Here are some tips to jog your memory:
1. Formatting your datasets will return higher similarity
Like the Lookup transformation in SSIS, the Fuzzy tools may be case sensitive. That means that ‘Johann’ and ‘johann’ will not be exact matches. To make more accurate matches, it is best that you format both sets of data under the same rules (lower case, remove spaces, etc.). If you are comparing text data that may come in different formats, be sure to either remove or standardize any formatting that could cause unnecessary differences. An example is phone numbers: sometimes they include dashes (123-456-7890) and parentheses, but other times they will be omitted (1234567890). You may be able to improve the column similarity with the token delimiter settings, but from what I’ve tried, if one dataset has the delimiter and one does not, this won’t allow you to find an exact match.
2. Overall similarity = Sum(each column’s unique similarity) / Number of columns being compared…sort of
As I’ve written before, each column you analyze will have its own similarity percentage calculated. If you then take those percentages, add them together, and divide by the number of compared columns, you get the overall similarity…sometimes. I haven’t figured out yet what all goes into the overall similarity calculation, but at least this will give you a general idea of what similarity to shoot for when defining your threshold.

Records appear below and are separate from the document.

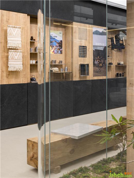 在環(huán)島展示臺(tái)后面設(shè)有通往空間二層的樓梯,樓梯下方空間形成了對(duì)自然外部的櫥窗化展示,地面的土壤、苔蘚和植物,與空間中人造的質(zhì)感形成了反差。透明玻璃幕墻使視線更通達(dá)的同時(shí),也和一側(cè)的框景有著材質(zhì)上的呼應(yīng)。
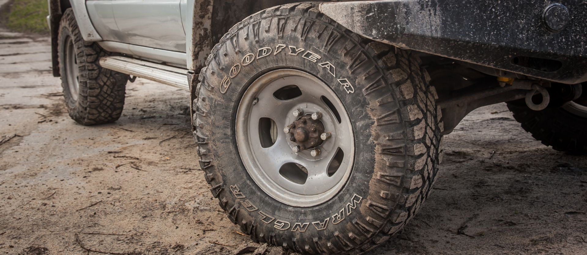 Kierowcy, którzy potrzebują wyraźnie terenowej opony, ale nie typu MT również znajdą coś dla siebie. Tutaj ciekawą propozycją jest Goodyear Wrangler Duratrac. To opona typu AT, jednak kształt jej bieżnika jest zdecydowanie bardziej drapieżny. Bywa polecana zamiast klasycznych AT-ków, ponieważ na gliniastych podłożach po deszczu jej bieżnik nie zapycha się tak łatwo, a to pozwala zachować trakcję. Rasowe MT-ki oczywiście lepiej radzą sobie w terenie, ale są głośne na asfalcie i nie trzymają się dobrze drogi. Opona Goodyera może stać się złotym środkiem - ma gęstszy bieżnik i jest uzbrajana kewlarem, dzięki czemu jest bardziej miękka i lepiej radzi sobie na asfalcie, a także wytwarza mniej hałasu. Pozostaje jednak sprawna na śliskim błocie. Choć nie jest typową zimówką, jej lamele pozwalają używać jej także zimą. Wadami tego modelu są jednak duża podatność na zużycie, twardnienie gumy z wiekiem i problemy z dostępnością niektórych rozmiarów.
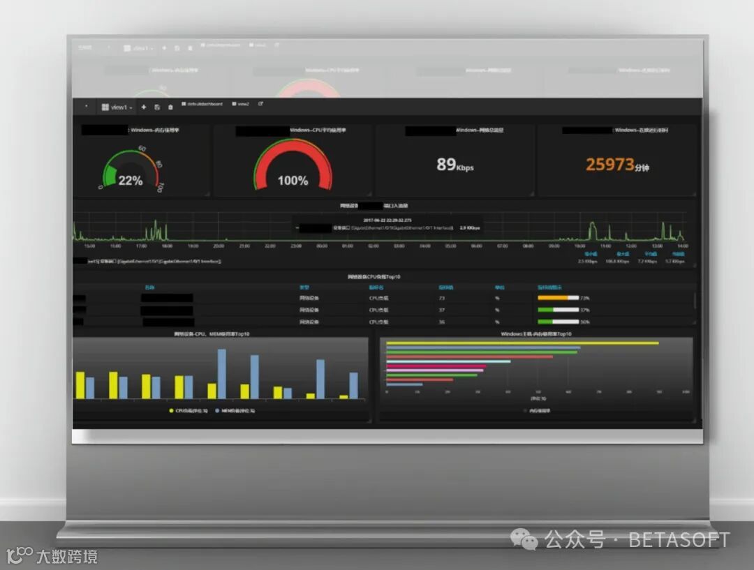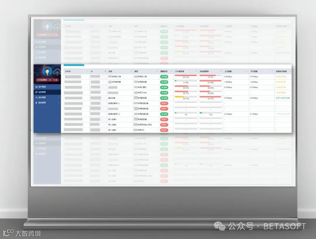 提供对包括信创设备在内的所有设备的关键性能实时展示;提供状态、CPU使用率,内存使用率,上行流量、下行流量、连续运行时间。并以颜色区别显示,为管理提供更为显著的信息。
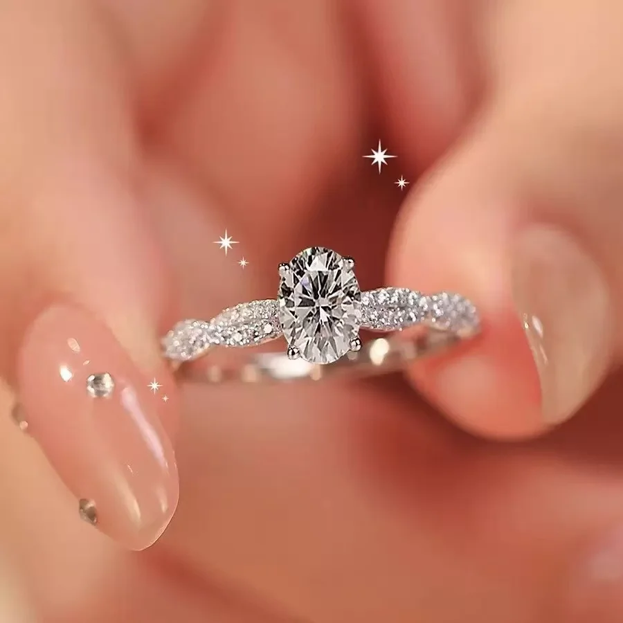 TEN CARATS 925 Sterling Silver Moissanite Ring for Women, Engagement 1CT Round Cut Elegant Sparkle Wedding Proposal Gift Jewelry
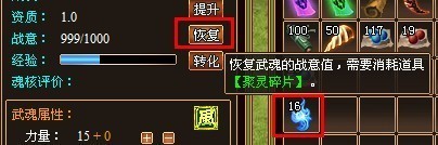 战意值即宠物的耐久度,上限为1000点(每只宠物都相同),当宠物处于出战与附体状态下,会逐渐减少其战意值,宠物战意值低于200点时,无法进行附体操作,当战意为0时,无法进行出战与附体操作,如果此时宠物已出战或附体,会自动变为休息状态。可通过点击“恢复”按钮来提升宠物战意值,需要消耗特定道具【聚灵碎片】。点击“恢复”按钮直接扣除1个【聚灵碎片】并回复100点;
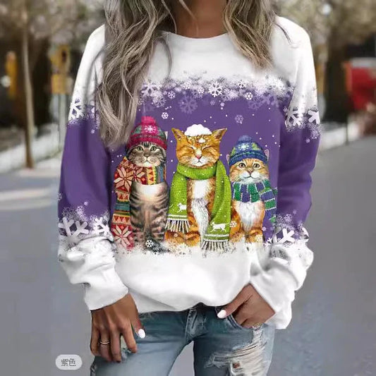 shopfluxpro.com Women's Christmas Snowman and Cat Print Long Sleeve T-shirt in Loose Fit
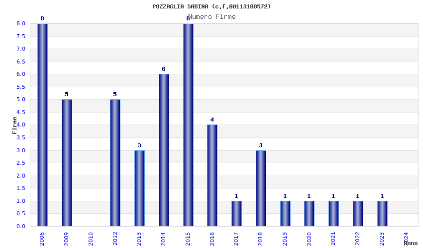 | Anno | Firme | Importi | Media | Naz. | Reg. | Prov. | Comu. |
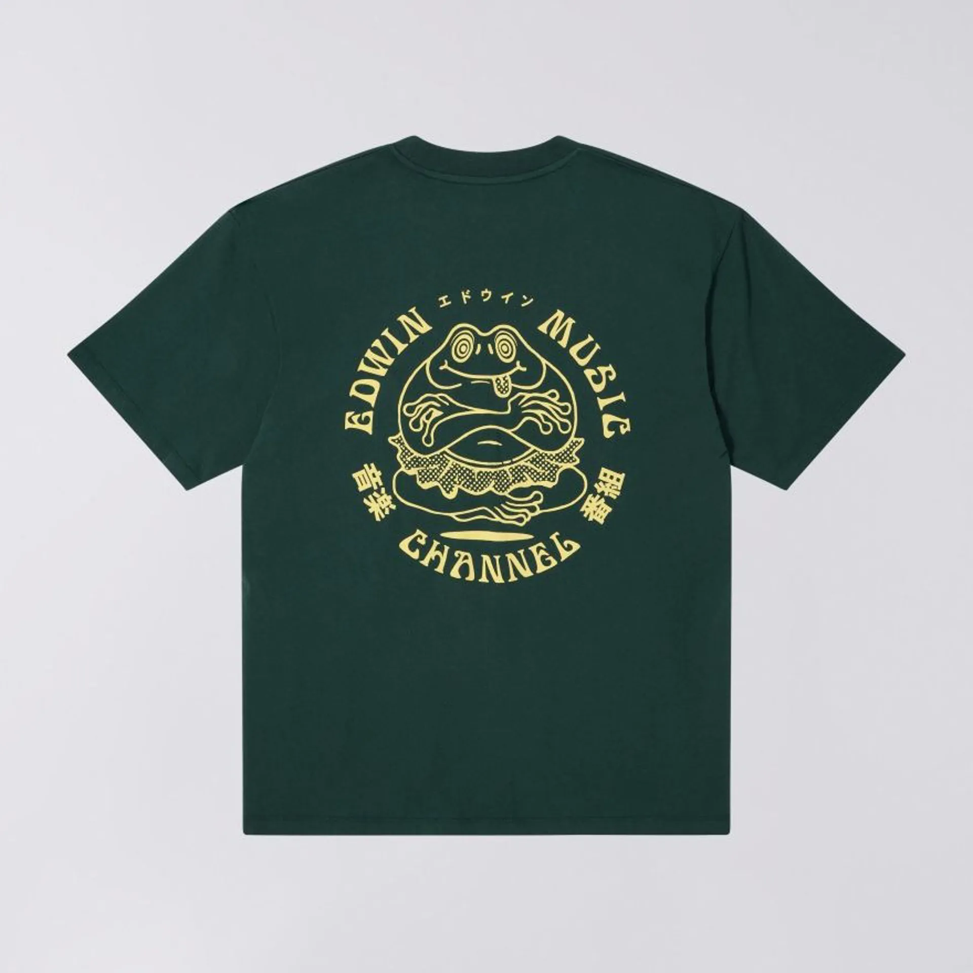 The Music Channel T-Shirt from Edwin is crafted from garment washed cotton jersey in a boxy fit. This tee has a deep ribbed collar and features graphic prints front and back.
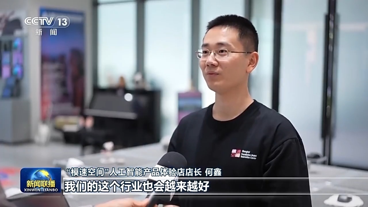 “模速空間”人工智能產(chǎn)品體驗(yàn)店店長 何鑫:總書記看得也是非常仔細(xì),總書記也親自試戴了這一款,我們的一個(gè)觀影的眼鏡。它大概有100多英寸的投屏效果。相信有總書記的關(guān)心,我們的這個(gè)行業(yè)也會越來越好。
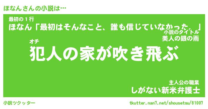 ほなんさんの小説は… オチ『犯人の家が吹き飛ぶ』最初の1行『ほなん「最初はそんなこと、誰も信じていなかった。」』主人公の職業『しがない新米弁護士』 ツクッター #小説ツクッター http://tkutter.nan7.net/shousetsu/81007/

3. In Fuzzy tools, NULL will match to NULL
That’s right. The absence of a value will match exactly to the absence of a value, which is different from how SQL Server handles this (by default settings). To get around this, I recommend that you set one of your datasets (most likely your reference index) so that every column has a default value other than NULL. When selecting your default value, make sure it is something that is not likely to find a match in the other dataset (i.e. using ‘Smith’ for a default in a Last Name column may not be wise).
4. You can set individual columns to either match Exactly or Fuzzy
It took me a while to find this in the Lookup settings, but I consider it a useful find. In the same way that you receive a similarity score for each column that is compared, you can also define whether a column should match exactly, or if it can match fuzzy. You can set similarity thresholds on each column as well. One word of caution: If you set a column as an exact match, you will only find a match when that column matches. If the other columns match, but that column does not, you will not find a match. I would only use this when I am 100% confident in the accuracy of the data in that column, both in the source and reference index.

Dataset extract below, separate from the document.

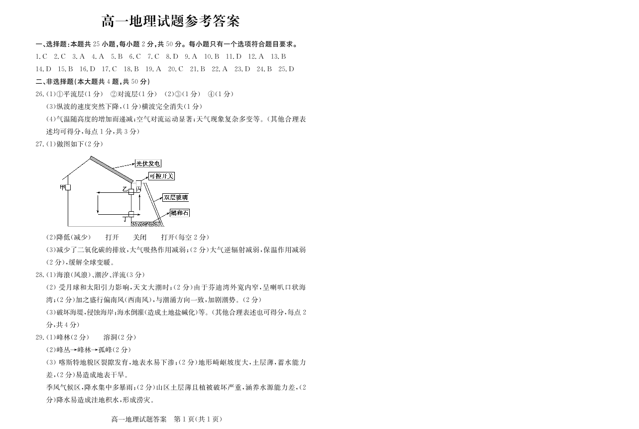 山东省德州市2024.11高一年级期中统一检测试题地理答案
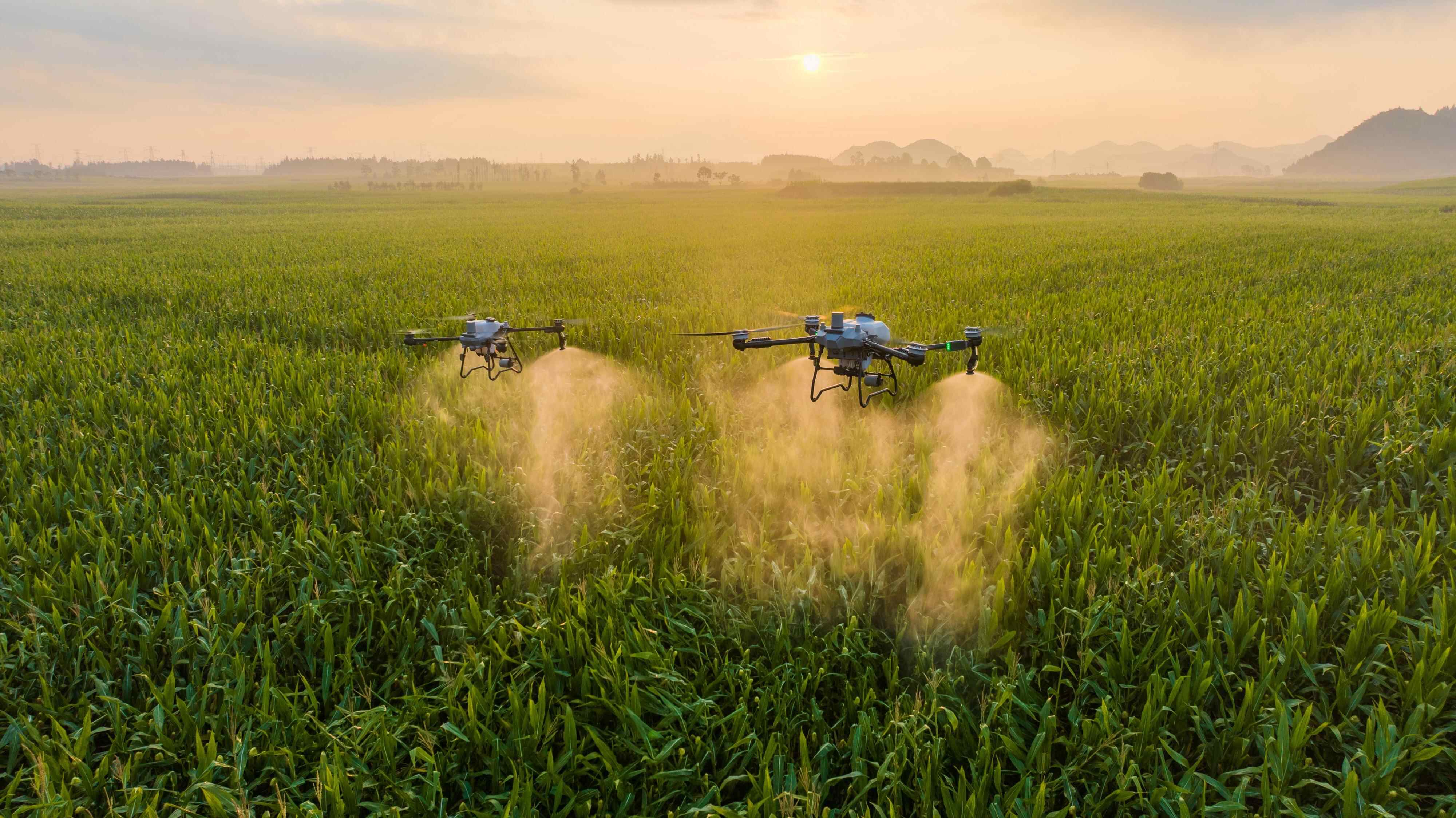 深圳大疆公司生产的农业无人机在田间作业

5. Only strings (Unicode or non-Unicode) can be evaluated with Fuzzy logic
Fuzzy Lookup looks for similarities in two data sets. That said, I don’t find it surprising Fuzzy logic is used on string columns, which have the highest chance of being incorrect. I do find it surprising that Fuzzy logic is used only on string columns. You can evaluate other data types as well within a Fuzzy tool, but they will automatically be set to Exact. If you wish to evaluate these columns as Fuzzy, a workaround is to convert non-string columns into string columns. I typically do this in my Fuzzy Lookups.

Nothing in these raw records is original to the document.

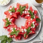 - Arrange the wreath: Place watermelon triangles around the perimeter of a large platter, interspersing fresh mint leaves as you go. Add the star-shaped pieces on top.
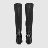 In the Fall Winter 2025 collection, a nod to the House's equestrian past, the Horsebit has become both a historical and contemporary emblem throughout the years. In this version, the half Horsebit hardware defines this pair of boots crafted in soft leather. - Black stretch leather - Light gold-toned hardware - Maxi half Horsebit - Leather sole - Zip closure - Mid-heel - Height: 2.9" - Made in Italy
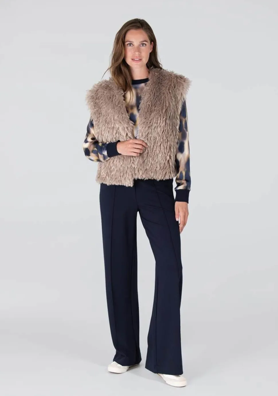 – Het model is 1.78m lang en draagt maat 36
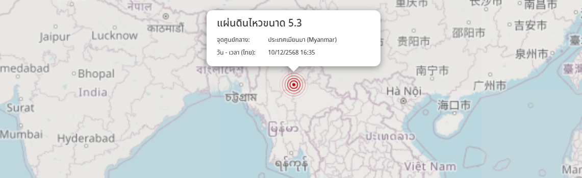แผ่นดินไหว ประเทศเมียนมา (Myanmar) ขนาด 5.3
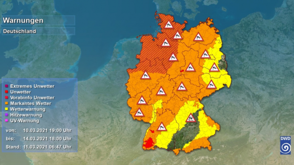 Aktuell sind die Auswirkung von Sturmtief "Klaus" bereits im Westen und Nordwesten Deutschlands spürbar. Im Vormittagsverlauf ist hier mít Spitzenböen um 70 bis 90 km/h zu rechnen. An der Nordseeküste etwa können die Windgeschwindigkeiten im Tagesverlauf auch deutlich darüber liegen, selbst orkanartige Böen oder Orkanböen um 110 km/h sind hier möglich. Für den Nordwesten sind aktuell entsprechende Unwetterwarnungen aktiv (s. Karte).
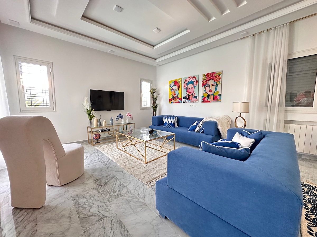 NO CLEANING FEES, our purpose is to make you feel home. Comfortable and spacious house with a big terrace ,a well equipped kitchen , 2 bathrooms with 1 bathtub and a private parking spot. It’s located in a very attractive and touristic area. 10 mn max by feet to get to the one of the best beach spots in Hammamet. You’ll find a variety of supermarkets, restaurants, cafés… just by walking. 3 ACs( 2 in the bedrooms and 1 in the living room). Central heating. Smart TV with free access to NETFLIX.
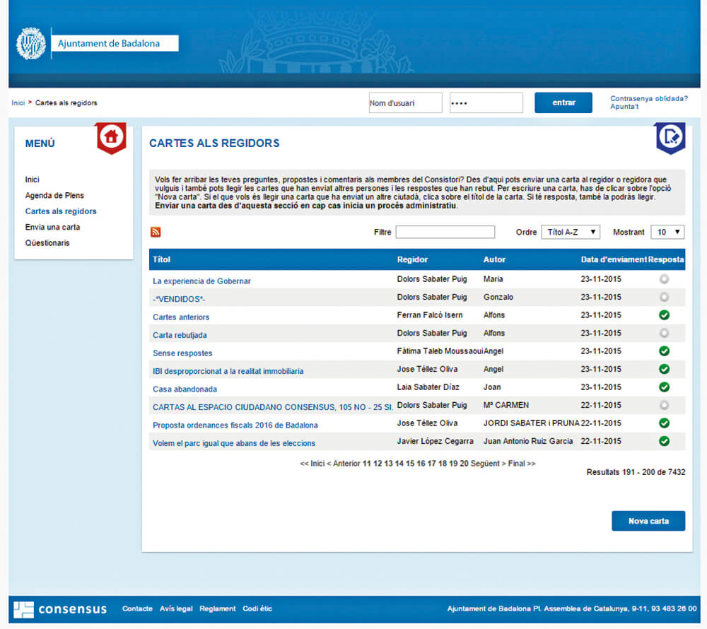L’Ajuntament de Badalona té un servei, a través d’internet, que permet al ciutadà fer arribar les seves queixes, reclamacions o comunicacions. El Consensus sembla que no acaba de funcionar dins l’engranatge del govern local. Una prova d’això és la quantitat de cartes sense resposta que troben en aquest servei on line. Tot i que hi ha regidors que responen en pocs dies, com el regidor de Via Pública Javi López o Laia Sabater de l’Àmbit de Badalona Educadora, hi ha d’altres que fa setmanes i fins i tot mesos que no responen a cap carta. L’alcaldessa de Badalona, Dolors Sabater, fa tres mesos que no respon cap comunicació amb el ciutadà, la darrera és del 20 de novembre de l’any passat, ara fa tres mesos. A l’alcaldessa se li acumulen més d’una quarantena de cartes sense resposta. Altres regidors, com l’Oriol Lladó d’Urbanisme, fa un mes que no contesta cap carta i té més d’una desena de cartes sense respondre. Alguns ciutadans s’han queixat d’aquesta manca de resposta al mateix servei de Consensus.
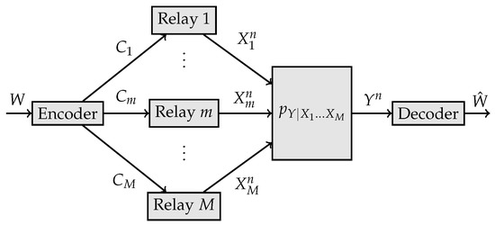 Each relay m, , maps its description into a sequence , which is sent over a multiple access channel. The MAC is characterized by the input alphabets , the output alphabet and the transitional probabilities for all . From the received sequence , the sink decodes an estimate of W.

6. Make your comparison set as wide as possible
The goal with Fuzzy logic is to find accurate matches based on similarity of entire records, not just exact matches based on a narrow set of fields. The more fields you add to your comparison, the better chance you will find an accurate match if only 1 or 2 fields don’t match. It also reduces the chances of finding a false positive match because incorrectly inputted data matched to something it should not match to.
7. Check your results with your eyes
Regardless of how you handle your matching process, it is tedious. It would be nice to have an automated process, but the truth of the matter is that someone needs to review the matches and see how good they are. The benefit I’ve found of using Fuzzy Lookups is that you spend less time altering your process, and more time reviewing results. I usually go through multiple rounds of adjusting the similarity threshold before I decide on any setting. I’ve seen some writers recommend setting two thresholds: a higher threshold that is trusted as accurate, and then a lower threshold of ‘potential’ matches that can then be reviewed and decided on. I personally have not used this approach yet, but given my experiences thus far, I intend to incorporate this approach in my future projects. I hope these tips help you out on your implementations of Fuzzy tools. Stay Fuzzy!